Но Игорь спал. Сидел на моем стуле и спал. Колдунья выбралась из дыры по ветвям на пол, снова в своих вороньих лохмотьях, снова не отнимающая коленей от груди. Она что-то бормотала, медленно подбираясь ко мне. Я стоял столбом. Она приблизилась, подняла нос кверху, посмотрела своими бессмысленными бельмами и быстро прикоснулась ладонью к моей ноге. Я успел только скривить лицо, а безумная старушка уже хихикала где-то в прихожей. Играть с ней в салочки не было никакого желания. На какое-то время стало тихо, потом я услышал, как открывается входная дверь. Ушла? Впустила кого-то? От последней мысли стало холодно. Никаких звуков больше не было. Затем шелест справа – это живые ветви гладили спящего Игоря, лезли ему в рот. Боже. Меня передернуло от отвращения. Я пошел к выходу из комнаты, осторожно выглянул – да, дверь оказалась открыта, и, кажется, не только моя. Соседская тоже.
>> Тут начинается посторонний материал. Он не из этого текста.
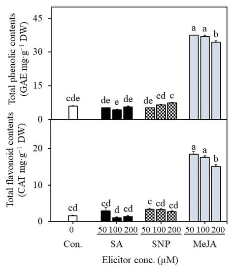 Effect of elicitor treatments on the accumulation of total phenolics and flavonoids in cell suspension cultures. SA—salicylic acid, SNP—sodium nitroprusside, MeJA—methyl jasmonate. Different letters indicate mean values which are significantly different at p ≤ 0.05 according to Tukey’s test.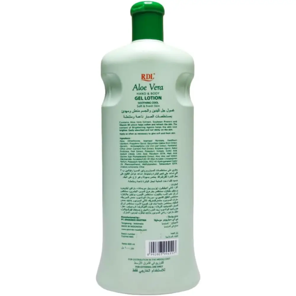 RDL EXTRACT ALOE VERA HAND & BODY LOTION FOR SOFT & FRESH SKIN 600 ML Main Ingredient: Aloe Vera Extract Skin Benefits: Known for soothing, cooling, and hydrating properties Primary Function: Moisturises skin to prevent dryness Effect on Skin: Keeps skin soft, smooth, and fresh all day Texture: Lightweight, absorbs easily, non-sticky feel Daily Use: Gentle enough for regular application on hands and body Skin Type: Suitable for normal to dry skin Aloe Vera Role: Helps calm irritation, refresh tired skin, and maintain natural glow Result: Healthy-looking, nourished, and refreshed skin Packaging: Large 600 ml bottle, practical for family or long-term use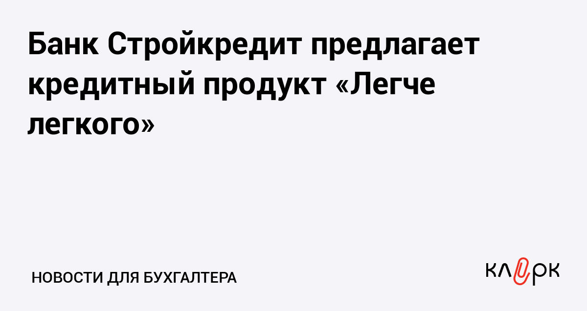Банк Стройкредит предлагает кредитный продукт «Легче легкого»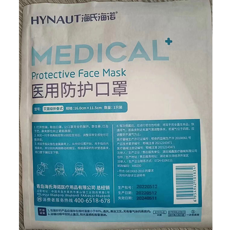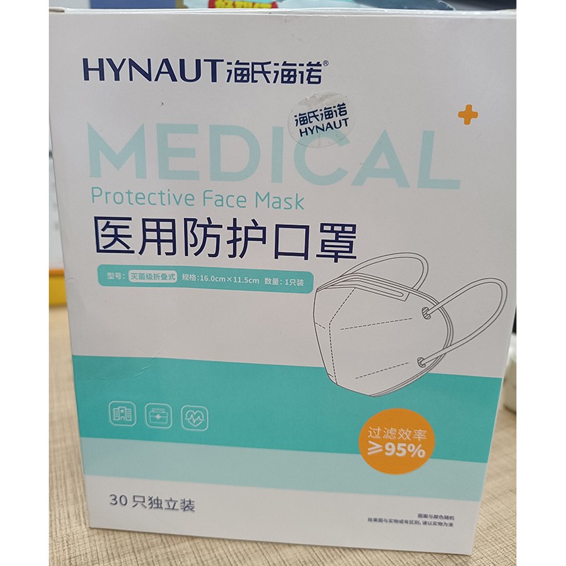 海氏海诺 N95 挂⽿折叠式成⼈款⿐梁带海绵条 医⽤防护⼝罩 白色。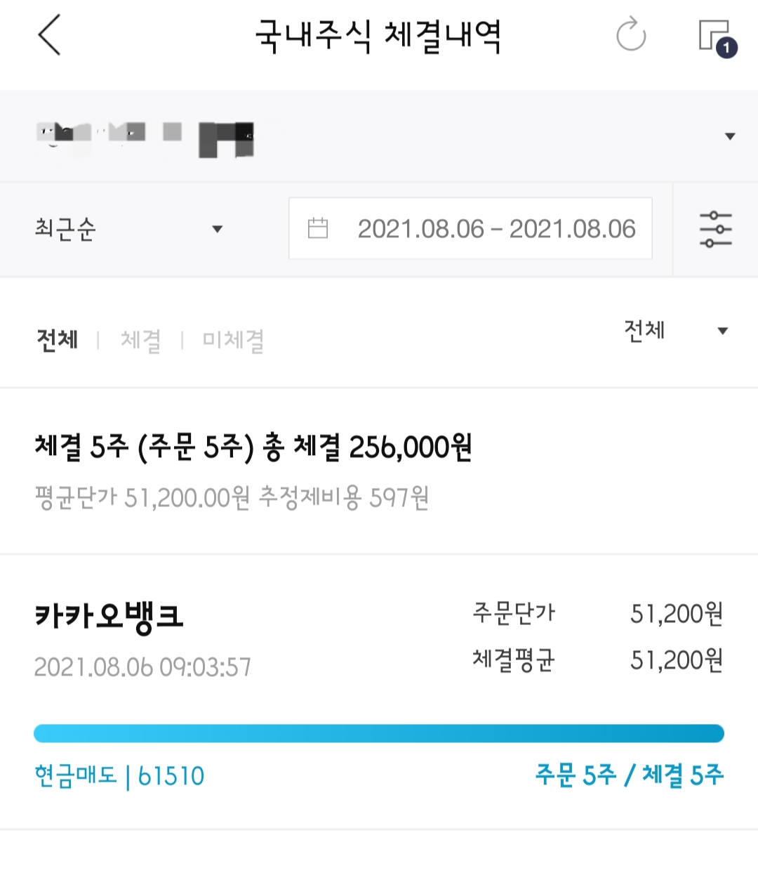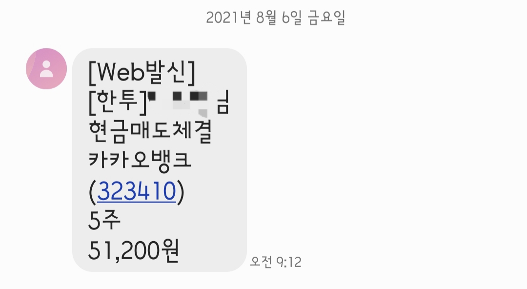 시작되고3분 만에 급하게 51,200원에 다섯 주 모두 팔아버렸습니다.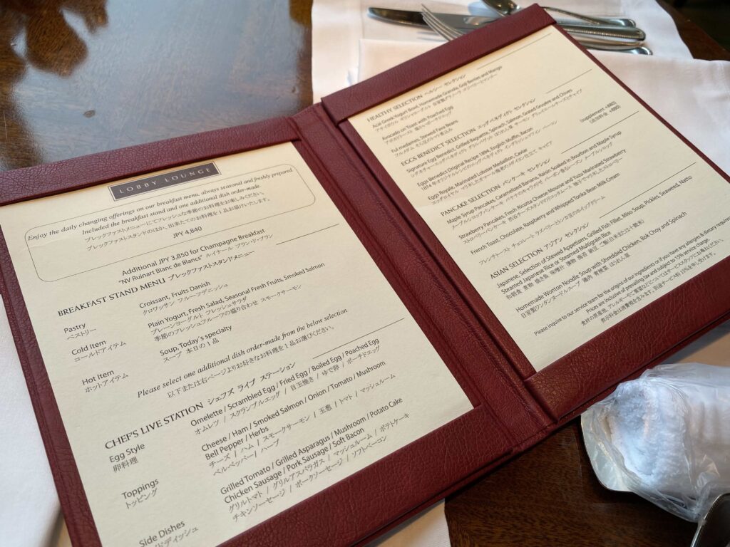 シャングリ・ラ東京 朝食メニューシャングリ・ラ東京はコロナの影響で、ビッフェ形式ではなく、注文式。メニューはとても豊富です…!迷いに迷いました。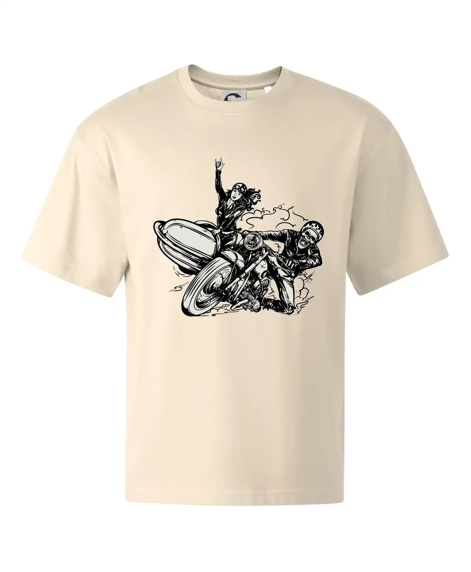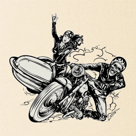 Tričko pre motorkára, na ktorom je motorkár kostlivec na motorke. Sajdkára pri motorke je skvelá možnosť ako sa môže pri Tvojom pekelnom stroji objaviť aj krásne dievča stopárka. Motorka je životný štýl, tak to ukáž tým, že si kúpiš tričko s motorkou. Pokiaľ si pravý motorkár máš rád rýchlosť, motorka so sajdkárou je motív ideálny pre Teba.
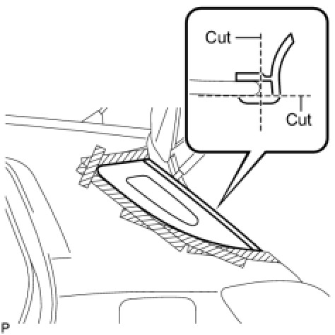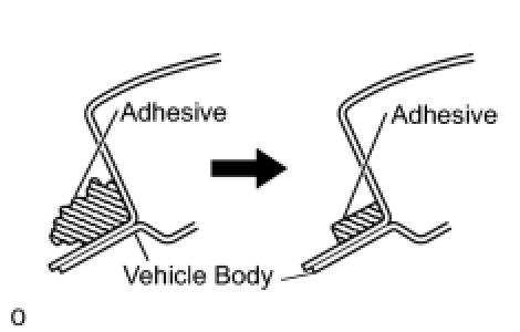 (1) Using a knife, cut away excess adhesive on the contact surfaces of the vehicle body as shown in the illustration.

Накатило чувство стыда. Вероника. Я оставил ее тогда с чародейкой и не видел все эти дни. Потом вдруг вынырнуло подозрение: а если Вероника на самом деле… Я двинулся по сумрачному коридору, выбрался из квартиры, зашел к соседке. Обувь, вешалка, овальное зеркало, обои с единорогами. Увидел ведьму. Она была в спальне, сидела по-совиному на спинке детской кроватки. Седая взлохмаченная голова повернулась ко мне, эти бредовые выпуклые бельма. Ее взгляд ударил под дых, стало почти светло, мрак сжался в лохмотьях ведьмы, пол качнулся у меня под ногами. Я почувствовал мерзкую слабость во всем теле, захотелось сползти вниз прямо здесь, но я не мог, не контролировал себя. Тьма пульсировала, пол шевелился, это вызывало тошноту. Мои ноги неверно шагали вперед, я не хотел идти, это не я, это все из-за глаз колдуньи. Она достала младенца из колыбели. В голове, в горле, в груди, в животе – я орал что есть мочи, беззвучно. Казалось, это меня разорвет. Чужие мягкие ноги, шаг, еще один, я в спальне, слева белеет постель, там спит Вероника, старуха протягивает мне ребенка, и я беру его, почему, Господи, почему я это делаю… Мгла снова растекается вокруг, но я успеваю заметить, как ведьма раздвигает колени и достает из лохмотьев другого младенца, своего. Больше ничего не видно, но я знаю, что она кладет его в кроватку.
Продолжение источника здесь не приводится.